Follow the steps in the Install and configure Azure CLI and Install and configure Azure PowerShell articles to install the latest versions. If you have existing scripts that need to be modified to use the new cmdlets or new CLI commands, see Migrating to Azure Resource Manager-based development tools for HDInsight clusters.

Resource Manager templates

A Resource Manager template makes it easy to create the following for your application in a single, coordinated operation:

  • HDInsight clusters and their dependent resources (such as the default storage account)
  • Other resources (such as Azure SQL Database to use Apache Sqoop)

In the template, you define the resources that are needed for the application. You also specify deployment parameters to input values for different environments. The template consists of JSON and expressions that you use to construct values for your deployment.

You can find HDInsight template samples at Azure Quickstart Templates. Use cross-platform Visual Studio Code with the Resource Manager extension or a text editor to save the template into a file on your workstation. You learn how to call the template by using different methods.

For more information about Resource Manager templates, see the following articles:

Generate templates

By using the Azure portal, you can configure all the properties of a cluster and then save the template before deploying it.
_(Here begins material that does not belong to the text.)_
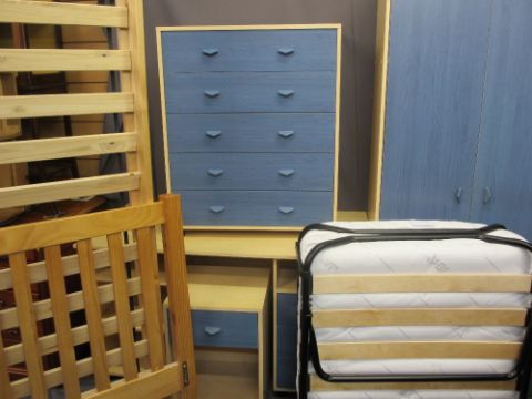 MODERN BEDROOM FURNITURE a quantity including a blue and lightwood effect suite of two door wardrobe, five drawer chest, dressing table and bedside cabinet, a modern pine single bed frame and a Jay-Be folding Z bed (clean condition)
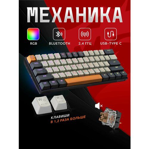 Найти - Беспроводная механическая клавиатура для компьютера Redragon Caraxes Pro(60%)

You can then reuse the template.

To generate a template by using the Azure portal

  1. Sign in to the Azure portal.
  2. Click New on the left menu, click Intelligence + analytics, and then click HDInsight.
  3. Follow the instructions to enter properties. You can use either the Quick create or the Custom option.
  4. On the Summary tab, click Download template and parameters:

    HDInsight Hadoop create cluster Resource Manager template download

    You see a list of the template file, parameters file, and code samples used to deploy the template:

    HDInsight Hadoop create cluster Resource Manager template download options

    From here, you can download the template, save it to your template library, or deploy the template.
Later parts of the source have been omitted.